▶ What you are asked to do
Two lines in the data below mark the range: the one with "Una mitad, bizochuelo" and the one with "支架先通过膨胀螺丝固定在井壁". Return both, along with every line between them, exactly.

[Opening Task material section]

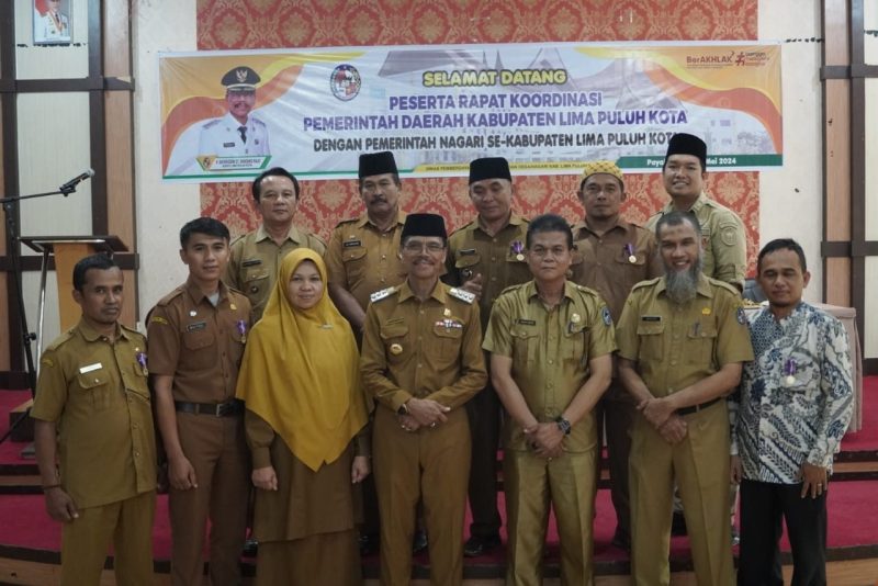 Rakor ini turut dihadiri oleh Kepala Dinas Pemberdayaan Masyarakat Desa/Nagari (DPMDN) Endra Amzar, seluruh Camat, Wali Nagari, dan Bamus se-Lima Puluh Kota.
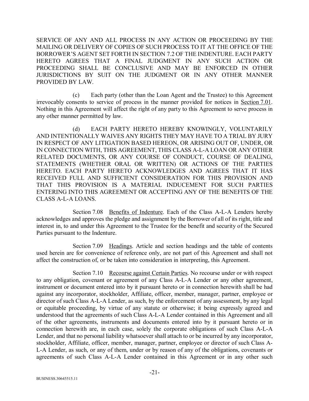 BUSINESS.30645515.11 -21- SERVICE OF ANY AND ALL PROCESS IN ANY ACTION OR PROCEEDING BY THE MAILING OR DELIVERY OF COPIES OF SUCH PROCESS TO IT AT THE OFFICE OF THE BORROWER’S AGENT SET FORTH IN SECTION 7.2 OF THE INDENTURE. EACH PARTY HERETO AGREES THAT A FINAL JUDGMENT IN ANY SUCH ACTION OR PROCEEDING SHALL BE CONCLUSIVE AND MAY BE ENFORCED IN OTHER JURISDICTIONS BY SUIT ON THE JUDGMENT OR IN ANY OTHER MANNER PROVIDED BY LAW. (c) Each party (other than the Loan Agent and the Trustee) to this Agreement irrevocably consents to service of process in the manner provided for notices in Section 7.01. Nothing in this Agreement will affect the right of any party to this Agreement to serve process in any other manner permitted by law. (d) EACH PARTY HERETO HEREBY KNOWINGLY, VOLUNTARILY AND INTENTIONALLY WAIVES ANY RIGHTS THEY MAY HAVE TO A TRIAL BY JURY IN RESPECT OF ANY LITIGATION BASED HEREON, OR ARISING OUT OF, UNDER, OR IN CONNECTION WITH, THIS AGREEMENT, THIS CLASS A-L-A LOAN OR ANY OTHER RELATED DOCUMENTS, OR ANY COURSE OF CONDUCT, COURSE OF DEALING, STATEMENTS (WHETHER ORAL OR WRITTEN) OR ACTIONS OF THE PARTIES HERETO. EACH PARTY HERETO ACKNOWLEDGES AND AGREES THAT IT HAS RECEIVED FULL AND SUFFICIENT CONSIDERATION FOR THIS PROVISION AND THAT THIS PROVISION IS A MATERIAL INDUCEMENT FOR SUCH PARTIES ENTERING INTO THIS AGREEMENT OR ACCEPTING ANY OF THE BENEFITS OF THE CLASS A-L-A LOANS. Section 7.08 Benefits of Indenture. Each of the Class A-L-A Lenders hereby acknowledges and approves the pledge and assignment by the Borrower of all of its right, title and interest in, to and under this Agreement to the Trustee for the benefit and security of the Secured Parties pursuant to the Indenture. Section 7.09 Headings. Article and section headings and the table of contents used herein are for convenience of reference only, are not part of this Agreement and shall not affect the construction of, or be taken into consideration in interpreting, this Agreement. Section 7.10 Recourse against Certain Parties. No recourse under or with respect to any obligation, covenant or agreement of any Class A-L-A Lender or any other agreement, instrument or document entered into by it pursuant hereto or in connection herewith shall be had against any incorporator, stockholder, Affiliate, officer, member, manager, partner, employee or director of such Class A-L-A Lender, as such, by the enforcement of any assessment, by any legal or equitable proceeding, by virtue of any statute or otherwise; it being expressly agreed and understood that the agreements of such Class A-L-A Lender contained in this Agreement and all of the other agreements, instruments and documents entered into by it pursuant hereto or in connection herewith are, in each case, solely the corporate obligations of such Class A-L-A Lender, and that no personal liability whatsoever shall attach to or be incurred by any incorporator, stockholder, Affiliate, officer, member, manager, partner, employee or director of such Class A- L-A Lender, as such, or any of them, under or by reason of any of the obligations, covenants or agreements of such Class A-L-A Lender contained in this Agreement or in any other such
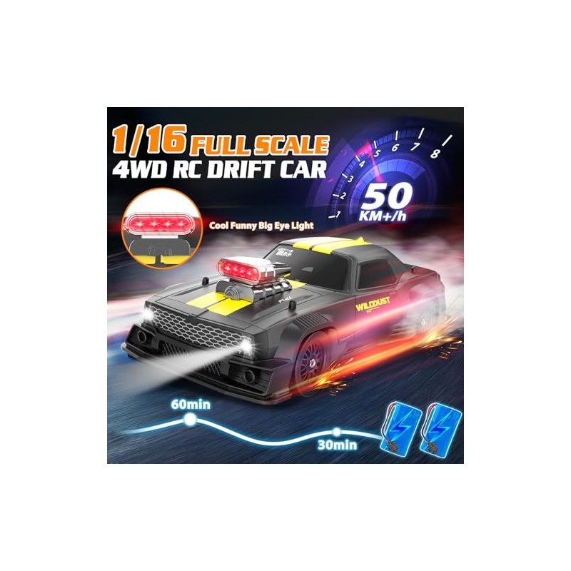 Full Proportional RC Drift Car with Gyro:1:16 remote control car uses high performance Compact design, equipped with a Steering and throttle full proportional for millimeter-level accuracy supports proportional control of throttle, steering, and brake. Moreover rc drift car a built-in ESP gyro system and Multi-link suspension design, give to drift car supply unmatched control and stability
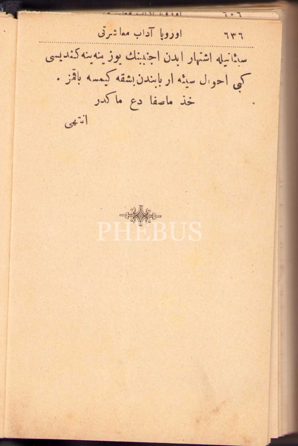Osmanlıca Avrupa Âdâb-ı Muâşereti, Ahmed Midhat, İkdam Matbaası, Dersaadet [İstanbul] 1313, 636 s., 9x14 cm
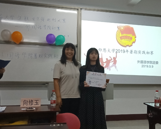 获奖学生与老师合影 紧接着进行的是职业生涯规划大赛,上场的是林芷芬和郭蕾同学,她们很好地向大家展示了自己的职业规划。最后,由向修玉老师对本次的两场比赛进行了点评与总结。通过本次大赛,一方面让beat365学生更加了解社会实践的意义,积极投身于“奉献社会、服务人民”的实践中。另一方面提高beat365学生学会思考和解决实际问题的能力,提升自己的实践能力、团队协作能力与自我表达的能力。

[Closing Task material section]
[Opening Task material section]

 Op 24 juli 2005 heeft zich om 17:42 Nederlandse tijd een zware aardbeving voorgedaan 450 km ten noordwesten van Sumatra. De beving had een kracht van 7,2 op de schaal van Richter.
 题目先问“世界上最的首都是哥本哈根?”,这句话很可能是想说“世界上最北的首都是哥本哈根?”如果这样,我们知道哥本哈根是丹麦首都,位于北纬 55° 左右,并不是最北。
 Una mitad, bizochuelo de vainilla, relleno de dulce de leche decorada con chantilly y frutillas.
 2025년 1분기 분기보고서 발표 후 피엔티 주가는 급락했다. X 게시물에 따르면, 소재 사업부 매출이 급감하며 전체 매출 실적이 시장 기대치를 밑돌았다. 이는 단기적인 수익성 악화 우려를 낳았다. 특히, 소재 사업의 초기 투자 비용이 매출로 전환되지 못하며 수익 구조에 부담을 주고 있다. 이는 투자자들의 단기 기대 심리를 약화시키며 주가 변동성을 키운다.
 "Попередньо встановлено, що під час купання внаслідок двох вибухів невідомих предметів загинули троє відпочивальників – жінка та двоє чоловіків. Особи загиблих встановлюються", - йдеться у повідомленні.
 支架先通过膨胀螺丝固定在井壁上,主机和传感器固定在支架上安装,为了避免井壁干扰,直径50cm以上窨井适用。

[Closing Task material section]

▶ Output
 Una mitad, bizochuelo de vainilla, relleno de dulce de leche decorada con chantilly y frutillas.
 2025년 1분기 분기보고서 발표 후 피엔티 주가는 급락했다. X 게시물에 따르면, 소재 사업부 매출이 급감하며 전체 매출 실적이 시장 기대치를 밑돌았다. 이는 단기적인 수익성 악화 우려를 낳았다. 특히, 소재 사업의 초기 투자 비용이 매출로 전환되지 못하며 수익 구조에 부담을 주고 있다. 이는 투자자들의 단기 기대 심리를 약화시키며 주가 변동성을 키운다.
 "Попередньо встановлено, що під час купання внаслідок двох вибухів невідомих предметів загинули троє відпочивальників – жінка та двоє чоловіків. Особи загиблих встановлюються", - йдеться у повідомленні.
 支架先通过膨胀螺丝固定在井壁上,主机和传感器固定在支架上安装,为了避免井壁干扰,直径50cm以上窨井适用。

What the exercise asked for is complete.